Fig 5. Temporal evolution of intrinsic coupling parameter changes in the optic tectum throughout the seizure.

(A) A single source 3-population model is shown, indicating the seven parameters that are fitted as part of the dynamic causal modelling: 5 intrinsic connectivity parameters (H₁ –H₃ excitatory connections, to H₄ –H₅ inhibitory connections), and 2 time constants (T_I and T_E). (B) A principal component analysis was performed separately across the posterior estimates of intrinsic connectivity, and time-constant parameters for the optic tectum across all time windows of the experiment.

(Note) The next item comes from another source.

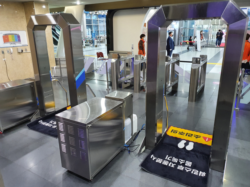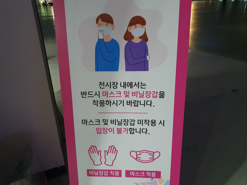 행사장 내부에 입장할 때도 다시 한 번 방역 시스템이 가동된다. 입구에서는 먼저 발열 체크가 진행되며, 여길 통과한 후에는 워킹스루 자동 분사 몸 소독기를 통해 몸 전체에 대한 방역을 진행하는 것을 확인할 수 있었다. 그리고 행사장 내부는 마스크는 물론 비닐장갑 착용을 필수로 내세웠다.

The coefficients for the first principal component of intrinsic connections (left) and time constants (right) are shown here. (C) Using these two principal components, parameter estimates of intrinsic coupling within the optic tectum for each individual time window are projected onto a two-dimensional parameter space. Each point of this projection is colour coded according to its time in the experiment from which the estimate was derived. In order to relate location in parameter space to spectral output at the optic tectum, for each point in this parameter space, we ran a dynamic causal model of the optic tectum in simulation mode to yield an yield an estimate of power spectral densities at that particular parameter combination. Here we map the predicted mean log-power in the delta- (black and white heat map) and gamma-band (purple isoclines) respectively. Thus the figure shows the temporal evolution of intrinsic coupling parameter estimates within the optic tectum during the seizures on a map of the spectral energy for different frequency bands for the specific parameter combinations. Time points just after PTZ injection occupy the most extreme top-right corner of this parameter space. This indicates both slower inhibitory connectivity (time constant component) and stronger excitatory / weaker inhibitory connectivity (connectivity time constant component). These paramete changes are associated with high powers in both the gamma and the delta band.